= Elias of Merv =

Elias (or Elijah, ܐܠܝܐ, Eliya; died after 659) was the metropolitan bishop of Merv in the Church of the East.

The Chronicle of Khuzestan records how Elias converted some Turks and their "kinglet" (MLKWNʾ) through preaching and miracles. He is said to have dispersed with the sign of the cross a storm conjured up by the kinglet's shamans, thus proving the superiority of Christianity. Since the chronicle does not mention any event later than 652, the conversion of the Turks probably took place before this date. Elias was present at the deathbed of the Patriarch Ishoʿyahb III in 659. He probably died not long after.

Elias wrote a short church history, described by ʿAbdishoʿ bar Brikha around 1300 as comprising a single book. The 10th-century Chronicle of Seert cites it as a source twice, especially for the life of Gregory of Nisibis. Elias's high standing in the church would have given him access to official records and possibly also to court gossip. Pierre Nautin argued that this history was in fact the Chronicle of Khuzestan, with additions made by an associate after Elias's death, including the account of the conversion of the Turks. The beginning of the Chronicle of Khuzestan is lost.

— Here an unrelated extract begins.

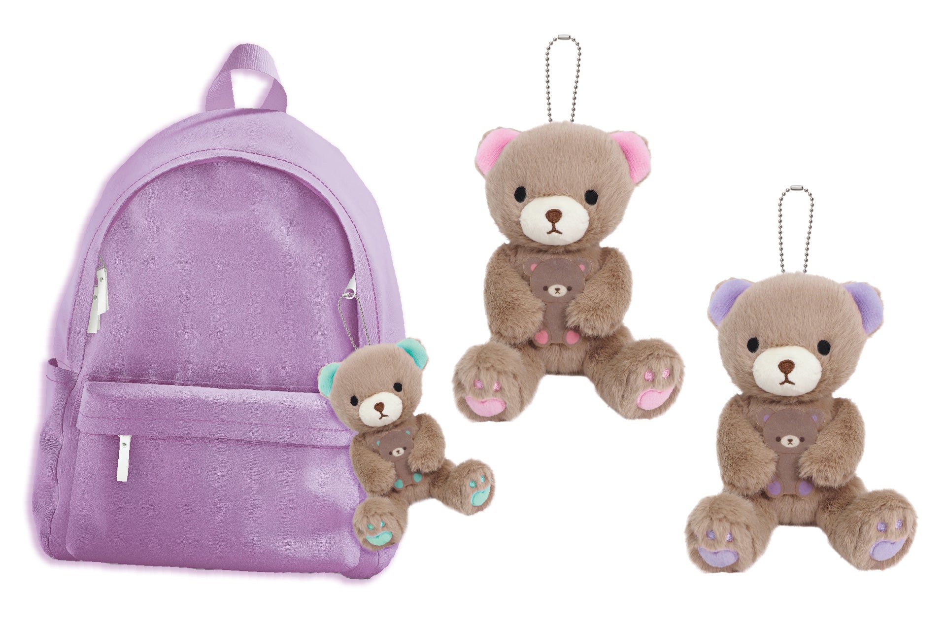 自分のぬいぐるみをぎゅーっと抱っこしている、とってもかわいい「ハグベアシリーズ」身に着けられるキーホルダーサイズから、抱きしめたくなるような25cmサイズまで!「ピンクベア・ミントベア・パープルベア」3色からお好みのカラーを選べます。年末のギフトシーズンにもぴったり!

According to ʿAbdishoʿ, Elias also wrote antiphons, consolations, a commentary on the gospel readings and an account of the origins (ʿeltā) of the responsive prayers at nocturns. Besides these liturgical writings, he wrote commentaries on the biblical books of Proverbs, Genesis, Psalms, Ecclesiastes, Song of Songs, Isaiah, Sirach, the Twelve Minor Prophets and the Pauline epistles. Several of his letters were also known to ʿAbdishoʿ.